Industry News

Flexible circuits: Manufacturable by 3D printing

2022.12.17

According to a recent report on the official website of the German Electron Synchrotron Institute (DESY), the institution and the University of Hamburg have developed a process suitable for 3D printing technology, which can be used to manufacture transparent and mechanically flexible electronic circuits.

 

Background

Flexible electronics is a very popular emerging technology in recent years. Different from the rigid and dull impression that traditional electronic devices give us, flexible electronic products can work normally under a certain range of deformation (bending, folding, twisting, compression or stretching).

 

 


At present, flexible electronics has become one of the research hotspots in interdisciplinary fields, covering organic electronics, plastic electronics, bioelectronics, nanoelectronics, printed electronics and other fields, and its products include RFID, flexible display, OLED display And lighting, flexible sensors, flexible photovoltaics, flexible logic and storage devices, flexible batteries, wearable devices, electronic skin, etc.

 

 

Innovation

Recently, the cooperation between the University of Hamburg and the German Electron Synchrotron Institute (DESY) has developed a process suitable for 3D printing technology, which can be used to manufacture transparent and mechanically flexible electronic circuits. These electronic devices consist of networks of silver nanowires that can be printed in suspension and embedded in various flexible and transparent plastics (polymers).

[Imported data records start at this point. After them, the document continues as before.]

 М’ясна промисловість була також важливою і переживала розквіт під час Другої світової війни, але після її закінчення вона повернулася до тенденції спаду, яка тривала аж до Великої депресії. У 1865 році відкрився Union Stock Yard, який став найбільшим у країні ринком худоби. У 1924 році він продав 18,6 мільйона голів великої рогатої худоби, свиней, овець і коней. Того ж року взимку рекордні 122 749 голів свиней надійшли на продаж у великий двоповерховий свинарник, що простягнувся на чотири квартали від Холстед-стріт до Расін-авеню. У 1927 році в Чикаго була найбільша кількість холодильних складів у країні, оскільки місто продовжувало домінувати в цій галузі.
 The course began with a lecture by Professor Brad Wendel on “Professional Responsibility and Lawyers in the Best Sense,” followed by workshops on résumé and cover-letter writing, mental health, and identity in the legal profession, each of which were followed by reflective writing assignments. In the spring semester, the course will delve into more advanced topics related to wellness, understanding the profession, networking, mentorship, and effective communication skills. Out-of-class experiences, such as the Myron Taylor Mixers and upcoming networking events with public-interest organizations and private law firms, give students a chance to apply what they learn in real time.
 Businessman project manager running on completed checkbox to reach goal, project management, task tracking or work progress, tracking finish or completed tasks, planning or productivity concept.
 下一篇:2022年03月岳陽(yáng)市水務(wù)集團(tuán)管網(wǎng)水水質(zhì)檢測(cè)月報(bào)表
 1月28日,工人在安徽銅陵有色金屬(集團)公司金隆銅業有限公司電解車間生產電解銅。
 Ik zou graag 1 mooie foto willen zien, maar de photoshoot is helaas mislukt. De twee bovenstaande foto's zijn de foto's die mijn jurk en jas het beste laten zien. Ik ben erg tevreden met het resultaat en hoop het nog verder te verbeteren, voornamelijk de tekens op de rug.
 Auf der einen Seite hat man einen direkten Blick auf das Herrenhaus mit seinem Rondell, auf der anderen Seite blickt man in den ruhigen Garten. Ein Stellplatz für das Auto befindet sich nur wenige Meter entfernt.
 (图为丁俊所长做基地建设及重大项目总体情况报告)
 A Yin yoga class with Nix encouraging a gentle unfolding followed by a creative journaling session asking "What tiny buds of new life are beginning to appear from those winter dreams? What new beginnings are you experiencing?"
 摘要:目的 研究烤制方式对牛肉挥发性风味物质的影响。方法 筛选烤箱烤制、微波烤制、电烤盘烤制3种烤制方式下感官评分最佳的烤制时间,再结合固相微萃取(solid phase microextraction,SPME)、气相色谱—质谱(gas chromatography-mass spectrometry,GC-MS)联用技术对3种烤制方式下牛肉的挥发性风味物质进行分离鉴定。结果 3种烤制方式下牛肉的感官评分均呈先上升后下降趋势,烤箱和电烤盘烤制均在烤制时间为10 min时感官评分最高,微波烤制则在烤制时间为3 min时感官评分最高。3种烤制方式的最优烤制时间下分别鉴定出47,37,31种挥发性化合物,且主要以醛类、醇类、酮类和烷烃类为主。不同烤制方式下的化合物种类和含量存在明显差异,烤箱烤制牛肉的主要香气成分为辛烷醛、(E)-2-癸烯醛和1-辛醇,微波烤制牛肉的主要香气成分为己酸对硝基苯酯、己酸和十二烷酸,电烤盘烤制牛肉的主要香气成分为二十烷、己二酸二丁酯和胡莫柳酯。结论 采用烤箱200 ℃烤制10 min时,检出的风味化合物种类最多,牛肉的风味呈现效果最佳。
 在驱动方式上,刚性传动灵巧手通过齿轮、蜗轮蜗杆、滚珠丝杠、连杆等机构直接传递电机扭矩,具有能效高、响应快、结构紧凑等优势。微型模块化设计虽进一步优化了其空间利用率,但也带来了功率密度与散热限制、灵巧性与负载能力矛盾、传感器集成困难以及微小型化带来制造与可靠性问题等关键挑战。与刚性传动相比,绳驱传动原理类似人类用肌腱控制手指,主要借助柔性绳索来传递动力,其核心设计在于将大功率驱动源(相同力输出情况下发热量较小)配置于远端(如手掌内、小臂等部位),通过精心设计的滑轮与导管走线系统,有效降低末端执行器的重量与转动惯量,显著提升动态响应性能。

This technology could open up new applications such as printing light-emitting diodes, solar Batteries or tools with integrated circuits. The researchers are currently demonstrating the potential of their process to make flexible capacitors, among other products.

 

Technology

Michael Rübhausen from the Center for Free-Electron Laser Science (CFEL), a joint venture between DESY, the University of Hamburg and the Max Planck Society, said: Applied Design 3D Printable Polymers. With our new approach, we want to integrate electronics into existing building blocks and improve the volume and weight of the components.”

The professor of physics at the University of Hamburg led the project together with DESY researcher Stephan Roth, professor at the KTH Royal Institute of Technology in Stockholm. Using bright light from the DESY research light source PETRA III and other measurement methods, the team precisely analyzed the properties of the nanowires in the polymer.

"At the heart of this technology are silver nanowires, which form a conductive network," Gehler explained. Typically, the silver wires are tens of nanometers thick and 10 to 20 micrometers long. Detailed X-ray analysis revealed that the structure of the nanowires in the polymer did not change, but the conductivity of the mesh was boosted by extrusion of the polymer, which shrank during curing.

The silver nanowires are applied in suspension on the substrate and dried. Ross, head of measuring station P03 at the DESY X-ray light source PETRA III (where the X-ray research takes place), explains: "Due to cost factors, the goal is to achieve the highest conductivity with as few nanowires as possible. This will also improve the performance of the material. In this way, layer by layer, they create conductive paths or surfaces.” A flexible polymer is applied to the conductive traces, which are then covered with conductive traces and contacts. Depending on the geometry and the materials used, various conductive elements can be printed in this way.

In this paper, the researchers fabricated a flexible capacitor. "In the laboratory, we carry out the individual work steps in the layering process, but in practice they are then completely transferred to the 3D printer," explains Lübhausen. "However, traditional 3D printing techniques It is usually optimized for individual printing inks. For this, it is also necessary to further develop conventional 3D printing techniques. In inkjet-based processes, the printing nozzles are blocked by nanostructures.”